Isn’t that wonderful? Christ, St Paul tells us in Colossians 1, is the firstborn of all creation, the one in whom all things hold together, and so, in him, we can do all things for God’s glory - even the dullest and most unpleasant tasks.

The New Testament is very strong on this – and to our ears quite controversially so. Even slaves, Paul says, can find freedom within their chains. Later in Colossians (3) he writes… read Col 3:22-4v1.

This is a fascinating passage: Paul is realistic about the working situations of his own time, however undesirable they might be. And within that both slaves and masters are to serve God within that work, as if they were serving Christ, and aware that each will be judged by God according to how they have done so.

There are doubtless many things about our work which future generations will look upon as unfair and appalling – Christians are called to work within the system as it is, and transform it from the inside out – by serving Christ in our work and at the same time, letting his righteousness transform the structures we work within.

More and more people are facing exploitation in their work at the moment – employers know that people are so keen to keep their jobs that they are squeezing them tighter and tighter, for less and less.


2) As for the second way to redeem work comes from a bit of scripture I stumbled upon by accident.

Not far into Wales from England is a charming village called Crickhowell, where several generations of my family are buried. Here, an inscription commemorates my forbear Walter Rumsey, who died in 1834. Under his name, is engraved a quote from the Psalms: Mark the perfect man and behold the upright, for the end of that man is peace. Trusting that this was a sentiment volunteered by his family and not Walter himself, you read on: Also of Anne, relict of the said Walter Rumsey…‘She hath done what she could’.

At first view, this glaring contrast with her stainless spouse looks like a rather unkind slight, a sort of glossed-over version of ‘poor dear’. That is, until you notice that it, too, is a direct quote from scripture (Mark 14v8), being Jesus’ words of rebuke to the dinner guests who moan about the woman pouring the jar of costly perfume over his head. ‘Let her alone’, he growls, ‘She has done what she could; she has anointed my body beforehand for its burial’, adding that her action will live on in memory wherever the good news is proclaimed.

Suddenly Anne, relict of Walter, emerges from the shadows: not as a paragon, perhaps, but someone who did what they could. Someone who, given their lease of life and aware of its constraints, invested each opportunity with devoted, even extravagant, attention. The more you think about it, the finer an epitaph it becomes. After all, much of the time I don’t do what I can: I avoid the possible task by pondering on what I would do if things were different.

The woman is commended by Jesus for doing what she could with what she had. And I think this apparently offhand phrase contains a great deal of wisdom for us.
Doing what you can is a great motto to take through life. Do what you can with circumstances as they are. Make the most of every task, however small.

All too often I don’t do what I can: I’m either thinking of all the things I would like to do if only – if only I didn’t have to do this, this and this – if only I had more time, if only the children didn’t need bathing, if only someone was there for me. I have probably wasted years thinking this sort of thing. The fact is that life is just as it is and no different – no better and no worse.

Finding the call of God within life as it is requires us to do no more and no less than what we can. Doing what we can is both an opportunity and a restriction.

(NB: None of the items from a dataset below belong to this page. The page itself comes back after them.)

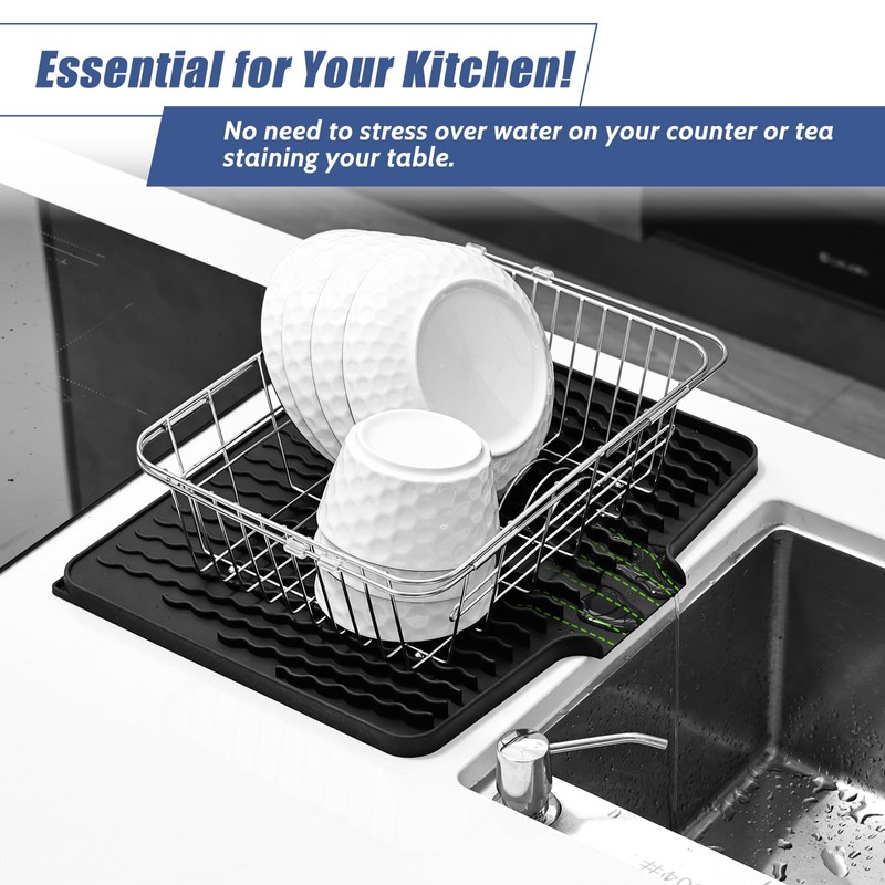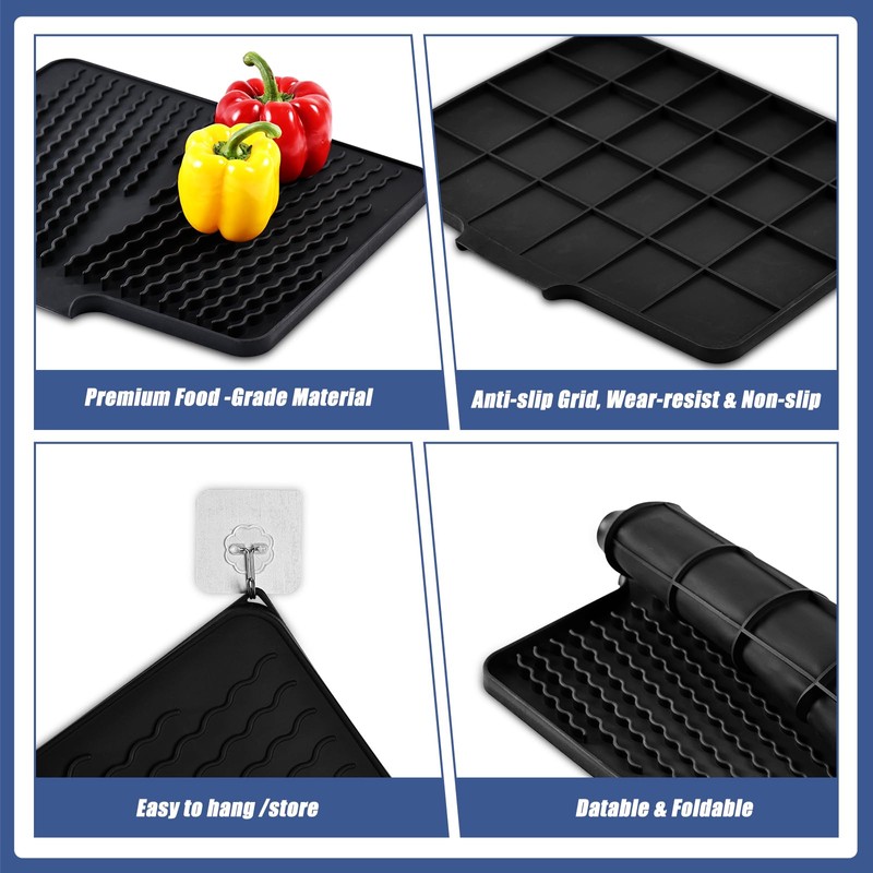 - NON-SLIP & HEAT RESISTANT DRYING MAT It is made of silicone, non-slip and easy It can prevent dishes, fruits, vegetables and glassware from slipping. With excellent heat resistance up to 220°C/425F, it can protect the countertop from damage caused by hot pans and electrical appliances.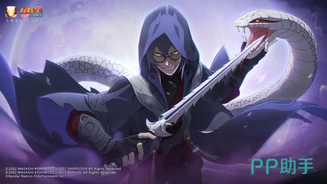 一技能“白蛇之剑”,挥剑上挑击飞敌人,释放强化一技能,上挑敌人后顺势将剑扔出并刺入地面,随后落地爆发出查克拉逐渐形成巨蛇形状,将敌人吞噬。二技能“白蛇擒鹰掌”,使用潜影蛇手向前抓取敌人,并将其砸向地面,随后掌击敌人。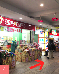 アーケード街を進むと、おかしのまちおかさんがあります。

I know that many of us have very frustrating and limiting restrictions on what we can do – persistent ill health or disability; immigration control issues that forbid is from working as we would like to; retirement and all that brings; personal needs and problems that limit what we can cope with emotionally. These are all very real and each of us has different ones. There are plenty of things I wish I could do and which I could if circumstances were different – I’m sure it is the same for you.

Doing what we can means accepting that I can’t do what I can’t do – what I might want to do but life simply doesn’t allow it. But equally it means rising to the challenge of what I can do. With the time or strength or freedom I do have – I can do this…or this… or this…. And I should do what I can with immense devotion, even extravagance, and do it as if I was doing it for Christ himself.

So redeeming work means doing everything for God’s glory, and it means doing what we can within the opportunities and restrictions life places upon us.
Group work: 20 mins

Do you see your everyday work (paid or otherwise) as part of your Christian calling?
If so, in what ways?
If not, why?
How can you exercise dominion over it?
What are some of the things which prevent us from doing what we can?

Feedback


3) Thirdly, we should aim as far as possible to do what we are.

By this I mean that we should try to shape the responsibilities and the work we have around the talents that have been given to us. This is an obvious but really important point. Ideally we should both do what we can and do what we are. You and I have been given a unique combination of talents and characteristics which have immense potential.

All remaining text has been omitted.